I have two questions :
What difference does it make to synchronize each and every method and to have a wrapper class? What are the scenarios to choose one over the other?
What happens when we do Collections.synchronizedMap(hash_table)? Will this be equal to simply using a normal java.util.Hashtable?

One more difference that I can find at the implementation of both the classes is as follows:
• The Hashtable class has all its methods synchronized i.e. the locking is done at the method level and hence one can say that the mutex is always at the Hashtable object (this) level.
• The method Collections.synchronizedMap(Map) returns an instance of SynchronizedMap which is an inner class to the Collections class. This class has all its methods in a Synchronized block with a mutex. The difference lies in the mutex here. The inner class SynchronizedMap has two constructors, one which takes only Map as an argument and another which takes a Map and an Object (mutex) as an argument. By default if one uses the first constructor of passing only a Map, this is used as a mutex. Though, the developer is allowed to pass another object of mutex as a second argument by which the lock on the Map methods would be only on that Object and hence less restrictive than Hashtable.
• Hence, Hashtable uses method level synchronization but Collections.synchronizedMap(Map) provides a flexibility to developer lock on provided mutex with Synchronized block.

Here are the answers I've gotten from a bit of (hopefully correct) research:
Both provide the same degree of synchronization. If you were to wrap Hashtable through Collections.synchronized you would have the same degree, but with another redundant layer, of synchronization.
The main difference between Hashtable and Collections.synchronizedMap(HashMap) exist more at the API level. Because Hashtable is part of Java's legacy code, you'll see that the Hashtable API is enhanced to implement the Map interface, to become part of Java's collections framework. This means that if you were to wrap Hashtable through Collections.synchronizedMap(), the API of the wrapped Hashtable would become limited to the Map API. So if the API of Hashtable is encompassed in your definition of behavior, then it is obviously altered/limited.
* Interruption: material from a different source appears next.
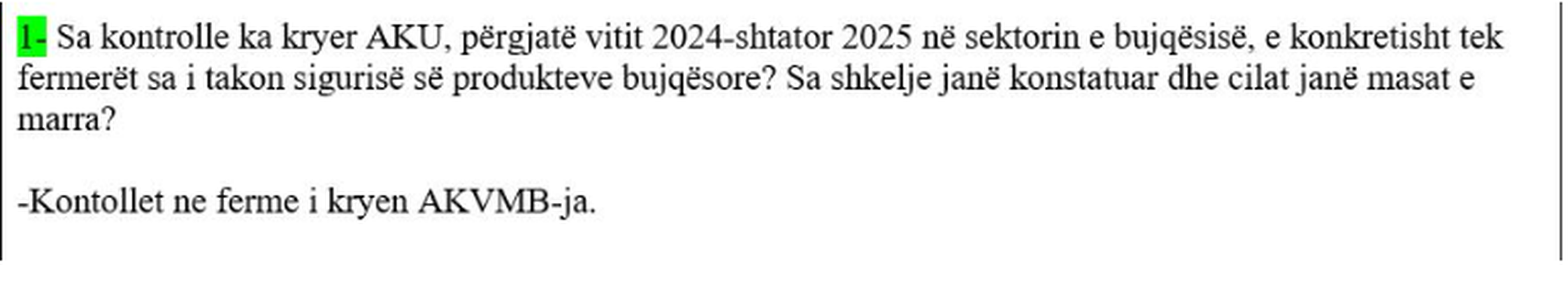 “Me qëllim ndjekjen e gjurmueshmërisë nga DRAKU respektive me anë të shkresave përkatëse me lëndë “Kërkesë për bashkëpunim” i drejtohen AKVMB përkatës me qellim ndjekjen dhe mbikëqyrjen e fermerëve për përdorimin e pesticideve dhe respektimin e karencës së përdorimit në produkt”, thotë AKU.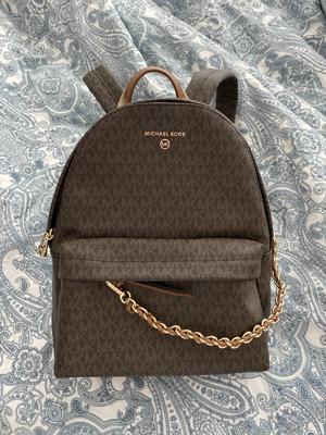 The Slater medium logo backpack is really nice. It’s roomie and allows for an outfit, large enough for personal items in the front pocket and is stylish. It also provides some security with the chain that crosses from the top of the bag to the pocket of the bag.

The first associative collection class to appear in the Java class
library was Hashtable, which was part of JDK 1.0. Hashtable provided
an easy-to-use, thread-safe, associative map capability, and it was
certainly convenient. However, the thread-safety came at a price --
all methods of Hashtable were synchronized. At that time, uncontended
synchronization had a measurable performance cost. The successor to
Hashtable, HashMap, which appeared as part of the Collections
framework in JDK 1.2, addressed thread-safety by providing an
unsynchronized base class and a synchronized wrapper,
Collections.synchronizedMap. Separating the base functionality from
the thread-safety Collections.synchronizedMap allowed users who needed
synchronization to have it, but users who didn't need it didn't have
to pay for it.
The simple approach to synchronization taken by both Hashtable and
synchronizedMap -- synchronizing each method on the Hashtable or the
synchronized Map wrapper object -- has two principal deficiencies. It
is an impediment to scalability, because only one thread can access
the hash table at a time. At the same time, it is insufficient to
provide true thread safety, in that many common compound operations
still require additional synchronization. While simple operations such
as get() and put() can complete safely without additional
synchronization, there are several common sequences of operations,
such as iteration or put-if-absent, which still require external
synchronization to avoid data races.
The following link is the source and has more information: Concurrent Collections Classes

Another point of difference to note is that HashTable does not allow null keys or values whereas HashMap allows one null key and any number of null values. Since synchronizedMap is wrapper over HashMap, its behavior with respect to null keys and values is same as HashMap.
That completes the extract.